I have to say, Lake Powell is freaking awesome! I can't believe that last year was my first time visiting this paradise! Just spent 8 days there again with about 20 great friends and their old ladies who are also great friends! 6 labs, 1 bull dog and puddles' sidekick of a teacup poodle. 6 boats, a dozen tents, TONS of booze, great food, chillaxing beach games and hardly any bugs. Wakeboarding, wakeskating, skiing, tubing, my new favorite wakesurfing and swimming all day! What more could anyone ask for???

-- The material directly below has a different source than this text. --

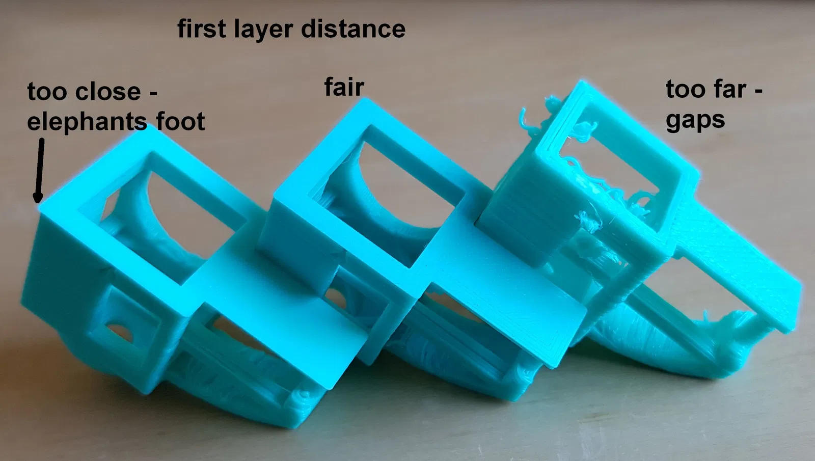 - “first layer distance” - Nếu đầu phun quá xa bàn in (bên phải), bạn sẽ có các khe hở và bản in có thể bị bong ra khỏi bàn. Nếu đầu phun quá gần (bên trái), filament sẽ bị ép sang hai bên, tạo ra “chân voi”. (Cá nhân tui thường thích có một chút chân voi để có bề mặt lớp đầu tiên và độ bám dính hoàn hảo, sau đó gọt bỏ nó đi.)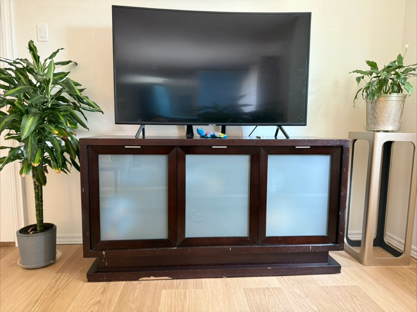 Selling a dark brown entertainment unit. It has frosted glass doors and shelving inside. Has a hidden drawer that I love. There are some signs of wear and tear, it got beat up in our recent move but it’s a very sturdy (also very heavy) wooden piece. With a little TLC it could look like new.

How about the stinking fisherman to not rally through glass water chasing what might have been a glimmer of a tiny bit of a striper boil!!!!!! Do you know how annoying it is to try to surf around F/Vs?? Boo! I remember someone bringing up a suggestion about "rec" boaters (which in itself is a ridiculous term, unless of course you are being paid to fish we are all "rec" boaters) having to stay 150 ft from shore. I propose fishing boats can't go passed 150 ft out from shore :mrgreen: 

What a great trip though and photos to follow...


----------



## longbow (Mar 31, 2009)

I think I'll grab a commfy chair and some popcorn and sit back and watch the show. The fishermen vs the waterskiers.


----------



## Nor-tah (Dec 16, 2007)

Haha rec boats to fishing boats at Powell.... lets do the math. BTW, wake surfing is nails. 8)


----------



## jubal (Feb 2, 2009)

All I'm asking is that when I'm fishing, other boats don't come roaring past me. That's common courtesy. And the opposite holds true as well. That lake is big enough that there shouldn't be much conflict.


----------



## fixed blade XC-3 (Sep 11, 2007)

Yeah and those a -holes that drill their Ice holes right where I want to drive my snowmobile. :mrgreen:


----------



## jubal (Feb 2, 2009)

You snowmobile on Powell? :wink:


----------